How to deploy Cohere Rerank models with Azure AI Foundry

Important

Items marked (preview) in this article are currently in public preview. This preview is provided without a service-level agreement, and we don't recommend it for production workloads. Certain features might not be supported or might have constrained capabilities. For more information, see Supplemental Terms of Use for Microsoft Azure Previews.

In this article, you learn about the Cohere Rerank models, how to use Azure AI Foundry to deploy them as serverless APIs with pay-as-you-go token-based billing, and how to work with the deployed models.

Important

Models that are in preview are marked as preview on their model cards in the model catalog.

Cohere Rerank models

Cohere offers rerank models in Azure AI Foundry.
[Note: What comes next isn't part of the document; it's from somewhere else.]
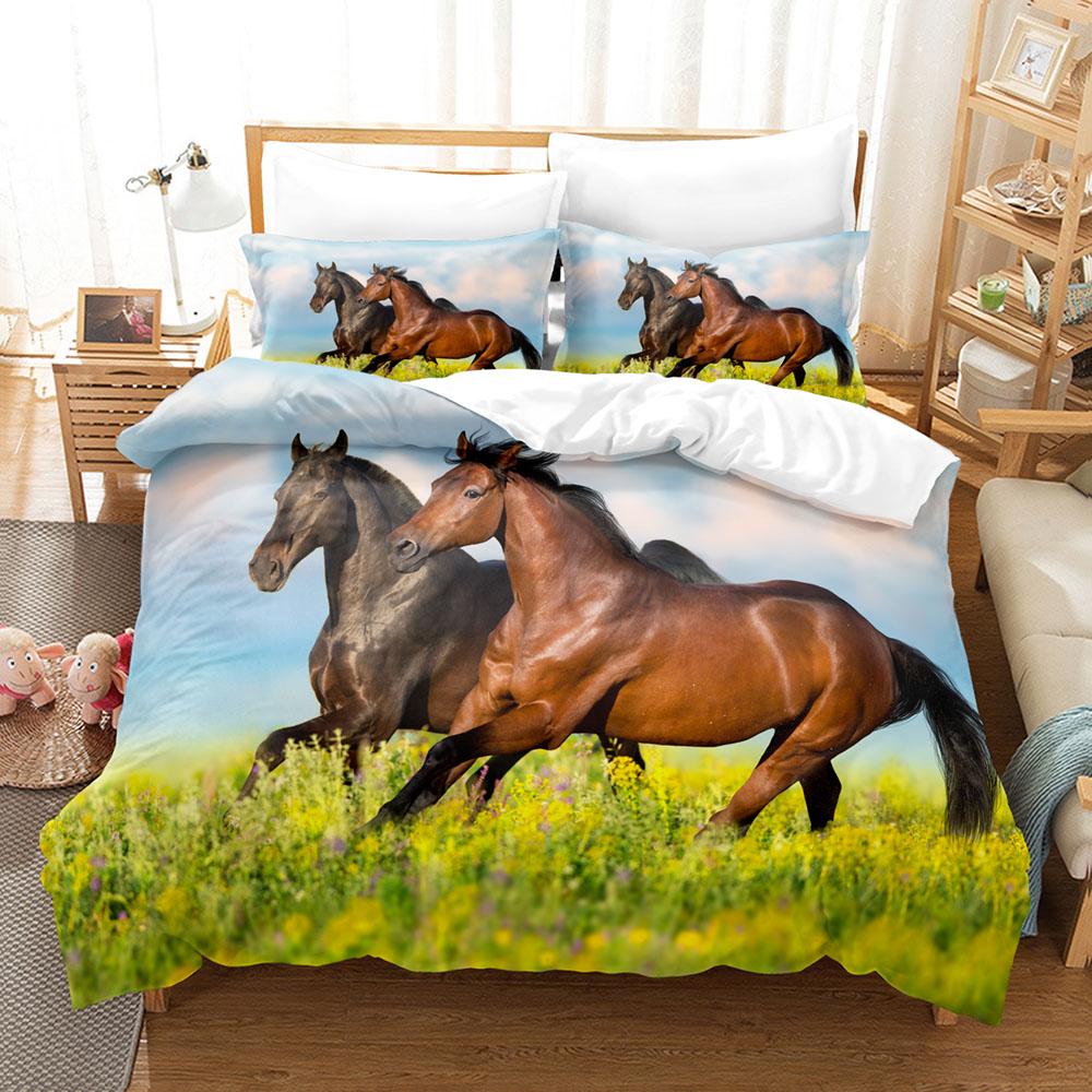 3D Horse Printing Duvet Cover Animal Bedding Set Twin Full Double Queen King Size for Teens Soft Polyester Comforter Cover

These models are available in the model catalog for deployment as serverless APIs:

  • Cohere Rerank v3.5
  • Cohere Rerank v3 - English
  • Cohere Rerank v3 - Multilingual

You can browse the Cohere family of models in the Model Catalog by filtering on the Cohere collection.

Cohere Rerank 3.5 provides a significant boost to the relevancy of search results. This AI model, also known as a cross-encoder, precisely sorts lists of documents according to their semantic similarity to a provided query. This action allows information retrieval systems to go beyond keyword search, and also outperform traditional embedding models, surfacing the most contextually relevant data within end-user applications.
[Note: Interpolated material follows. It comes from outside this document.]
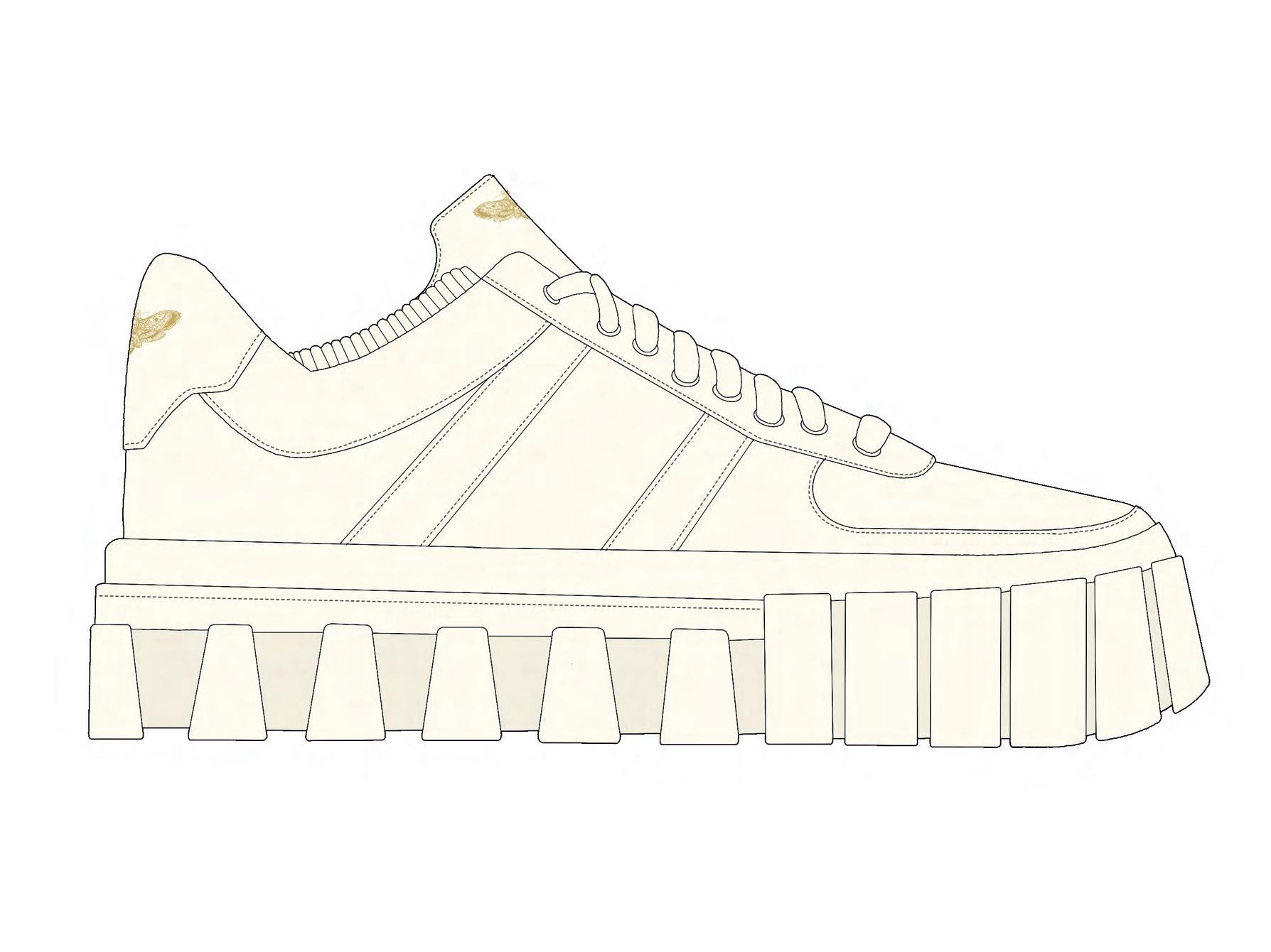 Baskets en cuir de veau blanc lisse au bout arrondi. Grands lacets plats et symbole de la collection en couleur or sur la languette et le talon. Grande semelle en caoutchouc.

Businesses use Cohere Rerank 3.5 to improve their enterprise search and retrieval-augmented generation (RAG) applications across more than 100 languages. With just a few lines of code, you can add the model to existing systems to boost the accuracy of search results. The model is also uniquely performant at searching across complex enterprise data such as JSON, code, and tables. Further, the model is capable of reasoning through hard questions which other search systems fail to understand.
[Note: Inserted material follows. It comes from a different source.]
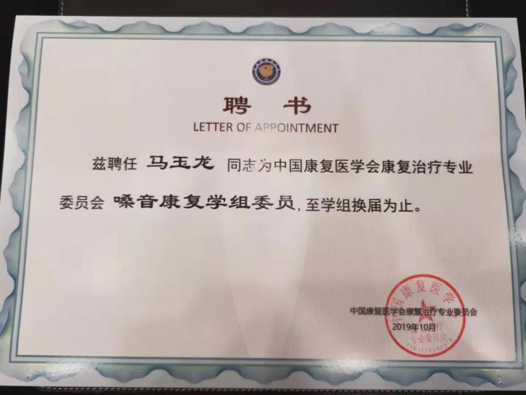 我院马玉龙当选为中国康复医学会“嗓音康复学

  • Context window of the model is 4,096 tokens
  • Max query length is 4,096 tokens

Pricing for Cohere Rerank v3.5

Queries, not to be confused with a user's query, is a pricing meter that refers to the cost associated with the tokens used as input for inference of a Cohere Rerank model. Cohere counts a single search unit as a query with up to 100 documents to be ranked. Documents longer than 500 tokens when including the length of the search query are split up into multiple chunks, where each chunk counts as a single document.

Deploy Cohere Rerank models as serverless APIs

Certain models in the model catalog can be deployed as a serverless API with pay-as-you-go billing. This kind of deployment provides a way to consume models as an API without hosting them on your subscription, while keeping the enterprise security and compliance that organizations need. This deployment option doesn't require quota from your subscription.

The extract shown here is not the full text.